◆ **Problem to solve**
Only the lines from the beginning of the data below through the line containing "美国乔治梅森大学(GMU)国" belong in the response, each copied exactly.

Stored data
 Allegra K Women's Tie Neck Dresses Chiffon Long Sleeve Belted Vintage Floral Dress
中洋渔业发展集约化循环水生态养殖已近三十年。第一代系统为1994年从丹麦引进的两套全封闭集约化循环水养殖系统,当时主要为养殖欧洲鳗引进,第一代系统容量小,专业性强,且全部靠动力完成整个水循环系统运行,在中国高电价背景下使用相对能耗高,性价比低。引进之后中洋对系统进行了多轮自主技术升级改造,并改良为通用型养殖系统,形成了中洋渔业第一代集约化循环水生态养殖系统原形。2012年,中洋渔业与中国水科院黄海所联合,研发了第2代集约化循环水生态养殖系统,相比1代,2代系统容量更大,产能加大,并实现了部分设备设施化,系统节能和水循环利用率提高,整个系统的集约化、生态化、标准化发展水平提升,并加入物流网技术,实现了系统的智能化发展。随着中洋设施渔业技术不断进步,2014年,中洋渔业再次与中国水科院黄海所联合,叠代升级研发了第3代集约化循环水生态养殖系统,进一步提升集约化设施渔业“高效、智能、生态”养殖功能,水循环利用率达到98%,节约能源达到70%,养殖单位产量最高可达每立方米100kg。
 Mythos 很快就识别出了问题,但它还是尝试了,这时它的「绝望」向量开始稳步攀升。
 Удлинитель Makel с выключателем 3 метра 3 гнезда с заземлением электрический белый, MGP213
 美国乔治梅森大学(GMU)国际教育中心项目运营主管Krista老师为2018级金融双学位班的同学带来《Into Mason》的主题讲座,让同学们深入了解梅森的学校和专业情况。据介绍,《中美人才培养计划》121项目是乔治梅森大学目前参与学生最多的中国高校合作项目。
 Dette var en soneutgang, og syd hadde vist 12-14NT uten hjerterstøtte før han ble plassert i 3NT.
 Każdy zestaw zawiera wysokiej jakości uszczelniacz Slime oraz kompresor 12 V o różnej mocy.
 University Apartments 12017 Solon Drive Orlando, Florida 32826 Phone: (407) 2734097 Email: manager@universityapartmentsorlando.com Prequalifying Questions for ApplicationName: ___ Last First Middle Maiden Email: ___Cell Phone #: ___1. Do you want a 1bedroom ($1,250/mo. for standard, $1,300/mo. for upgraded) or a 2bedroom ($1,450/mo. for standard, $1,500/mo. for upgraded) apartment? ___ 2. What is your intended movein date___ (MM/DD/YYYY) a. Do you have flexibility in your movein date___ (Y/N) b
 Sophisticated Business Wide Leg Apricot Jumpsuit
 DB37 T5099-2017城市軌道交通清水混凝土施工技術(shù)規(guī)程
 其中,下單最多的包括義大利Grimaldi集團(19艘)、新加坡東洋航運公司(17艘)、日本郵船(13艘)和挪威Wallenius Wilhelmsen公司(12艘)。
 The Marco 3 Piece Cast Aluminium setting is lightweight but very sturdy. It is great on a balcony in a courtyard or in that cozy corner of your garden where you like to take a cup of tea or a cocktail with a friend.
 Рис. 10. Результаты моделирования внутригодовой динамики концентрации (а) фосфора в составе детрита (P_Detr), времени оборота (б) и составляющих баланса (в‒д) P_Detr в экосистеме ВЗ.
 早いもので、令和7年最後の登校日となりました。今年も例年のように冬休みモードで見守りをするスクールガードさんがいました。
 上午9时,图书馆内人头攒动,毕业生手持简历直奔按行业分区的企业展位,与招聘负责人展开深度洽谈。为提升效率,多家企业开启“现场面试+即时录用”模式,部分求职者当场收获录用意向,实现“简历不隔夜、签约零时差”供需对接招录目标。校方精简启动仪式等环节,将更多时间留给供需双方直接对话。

◆ **Solved exercise**
 Allegra K Women's Tie Neck Dresses Chiffon Long Sleeve Belted Vintage Floral Dress
中洋渔业发展集约化循环水生态养殖已近三十年。第一代系统为1994年从丹麦引进的两套全封闭集约化循环水养殖系统,当时主要为养殖欧洲鳗引进,第一代系统容量小,专业性强,且全部靠动力完成整个水循环系统运行,在中国高电价背景下使用相对能耗高,性价比低。引进之后中洋对系统进行了多轮自主技术升级改造,并改良为通用型养殖系统,形成了中洋渔业第一代集约化循环水生态养殖系统原形。2012年,中洋渔业与中国水科院黄海所联合,研发了第2代集约化循环水生态养殖系统,相比1代,2代系统容量更大,产能加大,并实现了部分设备设施化,系统节能和水循环利用率提高,整个系统的集约化、生态化、标准化发展水平提升,并加入物流网技术,实现了系统的智能化发展。随着中洋设施渔业技术不断进步,2014年,中洋渔业再次与中国水科院黄海所联合,叠代升级研发了第3代集约化循环水生态养殖系统,进一步提升集约化设施渔业“高效、智能、生态”养殖功能,水循环利用率达到98%,节约能源达到70%,养殖单位产量最高可达每立方米100kg。
 Mythos 很快就识别出了问题,但它还是尝试了,这时它的「绝望」向量开始稳步攀升。
 Удлинитель Makel с выключателем 3 метра 3 гнезда с заземлением электрический белый, MGP213
 美国乔治梅森大学(GMU)国际教育中心项目运营主管Krista老师为2018级金融双学位班的同学带来《Into Mason》的主题讲座,让同学们深入了解梅森的学校和专业情况。据介绍,《中美人才培养计划》121项目是乔治梅森大学目前参与学生最多的中国高校合作项目。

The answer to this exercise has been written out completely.